=== TRY IT ===
Only the stretch below from the line holding "尺寸:185*91*30mm 容量:800mAh 包装:彩盒包装" through the line holding "Daniel Binelli is" should be restated, word for word and with both ends included; pictures stay out.
Top of PROVIDED RECORDS
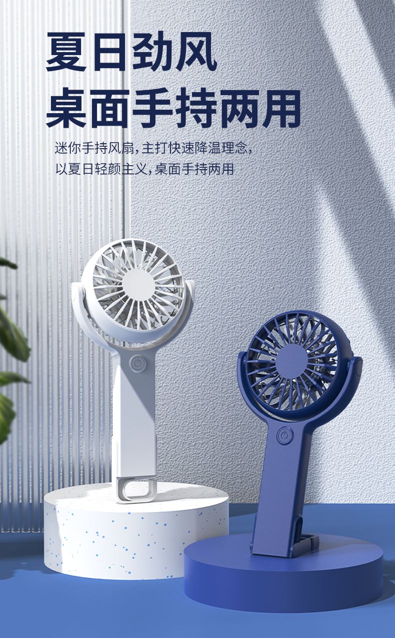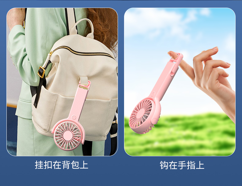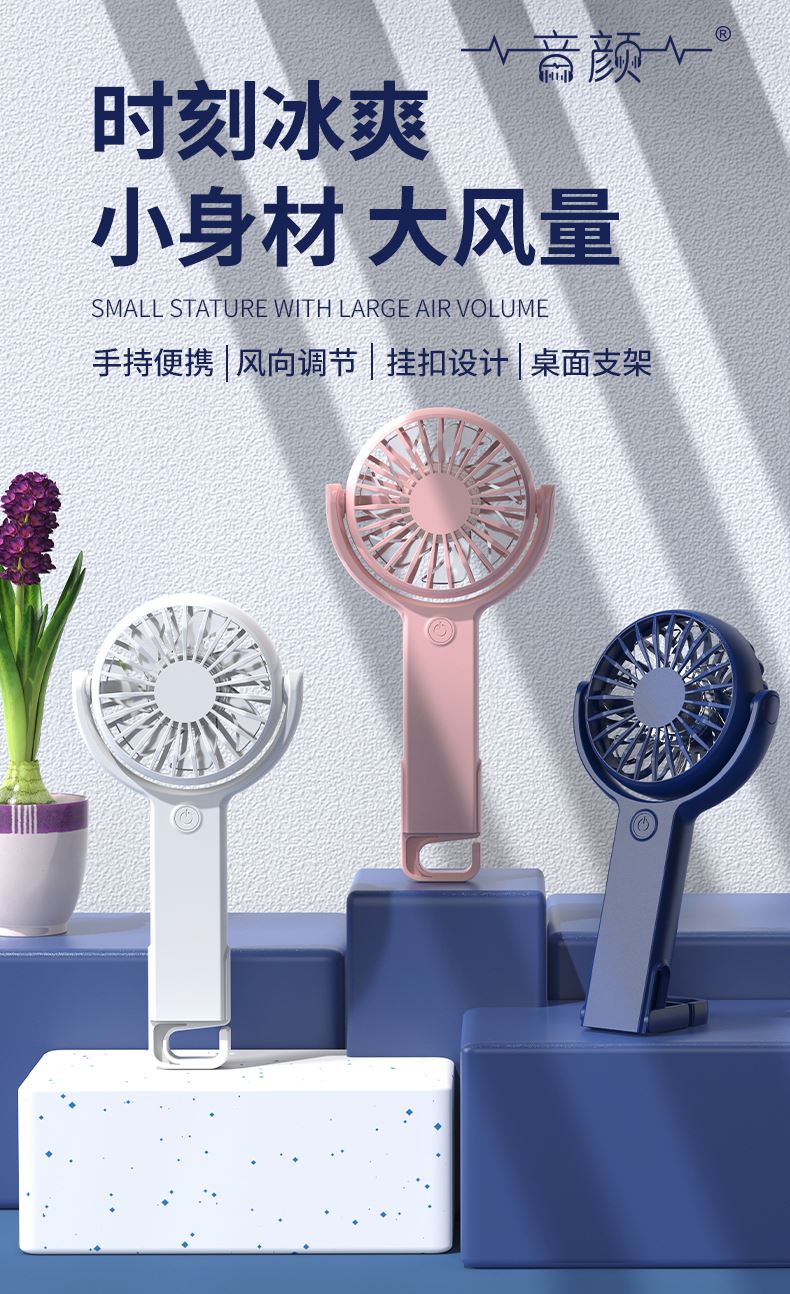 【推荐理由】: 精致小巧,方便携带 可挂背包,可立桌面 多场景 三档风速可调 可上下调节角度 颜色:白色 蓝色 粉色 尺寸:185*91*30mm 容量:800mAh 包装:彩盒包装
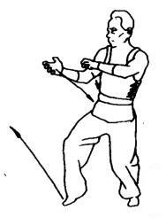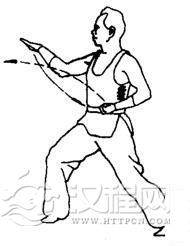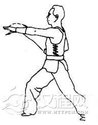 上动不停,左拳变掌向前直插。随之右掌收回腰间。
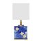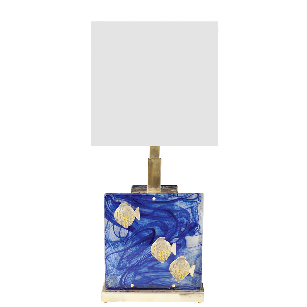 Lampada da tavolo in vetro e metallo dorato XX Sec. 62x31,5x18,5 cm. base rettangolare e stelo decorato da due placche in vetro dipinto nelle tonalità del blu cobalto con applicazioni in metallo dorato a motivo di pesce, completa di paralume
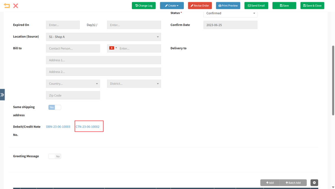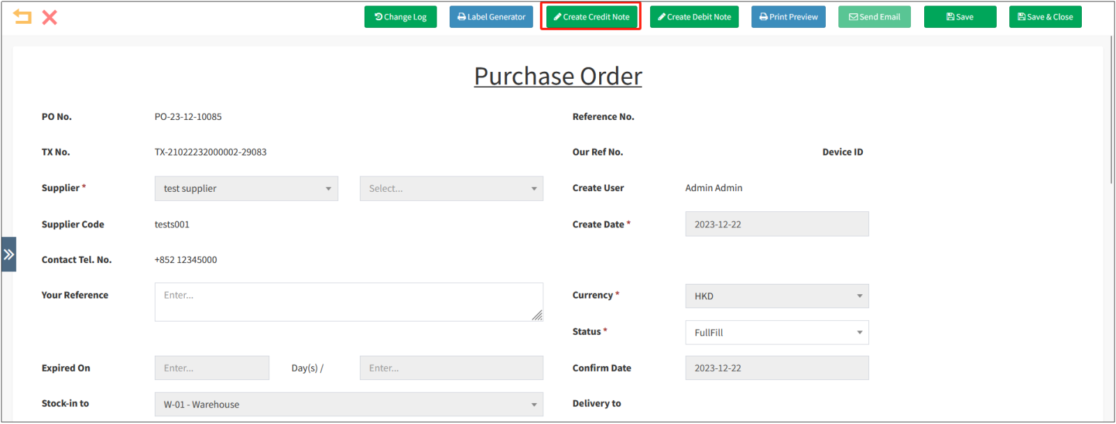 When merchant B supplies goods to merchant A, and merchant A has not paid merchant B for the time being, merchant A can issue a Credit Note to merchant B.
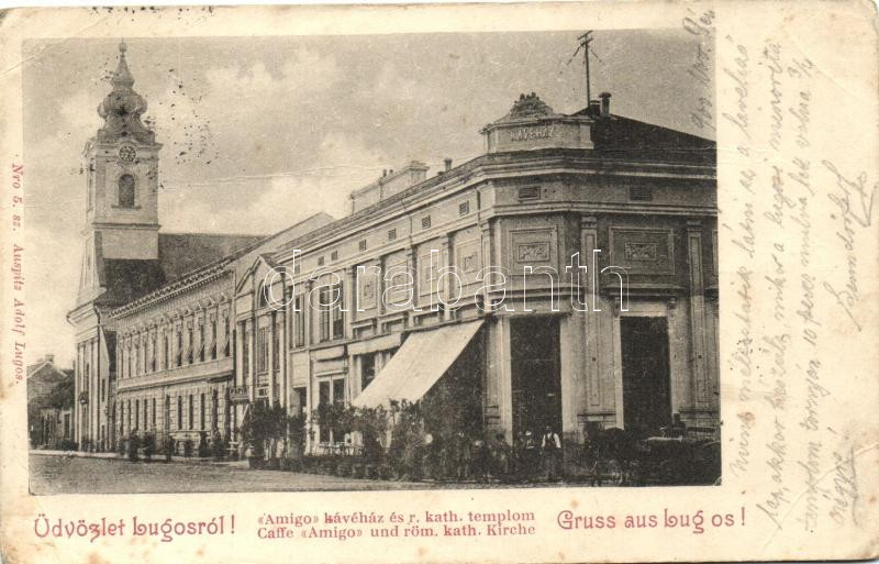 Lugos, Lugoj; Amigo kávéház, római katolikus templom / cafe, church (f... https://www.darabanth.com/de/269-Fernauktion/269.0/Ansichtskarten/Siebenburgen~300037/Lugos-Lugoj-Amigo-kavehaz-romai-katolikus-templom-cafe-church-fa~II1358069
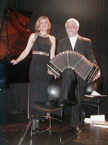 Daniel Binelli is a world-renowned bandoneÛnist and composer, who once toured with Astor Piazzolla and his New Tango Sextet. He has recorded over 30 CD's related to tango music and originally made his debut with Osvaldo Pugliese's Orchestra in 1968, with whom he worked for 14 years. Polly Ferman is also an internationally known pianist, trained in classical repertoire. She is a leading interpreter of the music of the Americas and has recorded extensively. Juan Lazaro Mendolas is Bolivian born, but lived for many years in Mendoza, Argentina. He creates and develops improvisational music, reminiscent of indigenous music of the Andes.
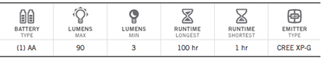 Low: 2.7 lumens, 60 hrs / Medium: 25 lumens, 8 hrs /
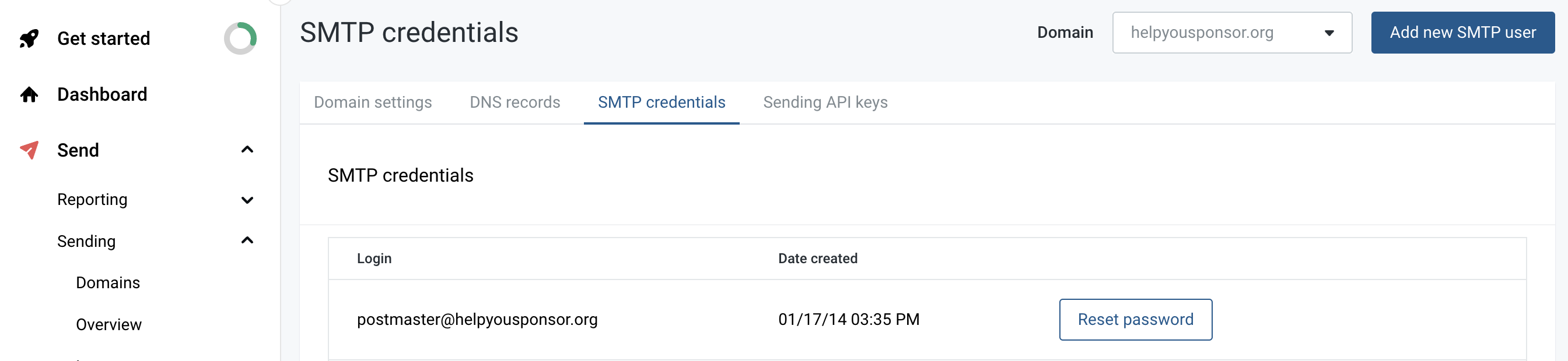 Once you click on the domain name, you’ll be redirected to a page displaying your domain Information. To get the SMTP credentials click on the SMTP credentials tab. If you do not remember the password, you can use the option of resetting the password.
Bottom of PROVIDED RECORDS
Top of PROVIDED RECORDS
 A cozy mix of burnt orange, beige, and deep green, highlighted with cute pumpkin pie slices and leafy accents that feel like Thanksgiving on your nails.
Bottom of PROVIDED RECORDS
=== WRITTEN REPLY ===
 【推荐理由】: 精致小巧,方便携带 可挂背包,可立桌面 多场景 三档风速可调 可上下调节角度 颜色:白色 蓝色 粉色 尺寸:185*91*30mm 容量:800mAh 包装:彩盒包装
 上动不停,左拳变掌向前直插。随之右掌收回腰间。
 Lampada da tavolo in vetro e metallo dorato XX Sec. 62x31,5x18,5 cm. base rettangolare e stelo decorato da due placche in vetro dipinto nelle tonalità del blu cobalto con applicazioni in metallo dorato a motivo di pesce, completa di paralume
 When merchant B supplies goods to merchant A, and merchant A has not paid merchant B for the time being, merchant A can issue a Credit Note to merchant B.
 Lugos, Lugoj; Amigo kávéház, római katolikus templom / cafe, church (f... https://www.darabanth.com/de/269-Fernauktion/269.0/Ansichtskarten/Siebenburgen~300037/Lugos-Lugoj-Amigo-kavehaz-romai-katolikus-templom-cafe-church-fa~II1358069
 Daniel Binelli is a world-renowned bandoneÛnist and composer, who once toured with Astor Piazzolla and his New Tango Sextet. He has recorded over 30 CD's related to tango music and originally made his debut with Osvaldo Pugliese's Orchestra in 1968, with whom he worked for 14 years. Polly Ferman is also an internationally known pianist, trained in classical repertoire. She is a leading interpreter of the music of the Americas and has recorded extensively. Juan Lazaro Mendolas is Bolivian born, but lived for many years in Mendoza, Argentina. He creates and develops improvisational music, reminiscent of indigenous music of the Andes.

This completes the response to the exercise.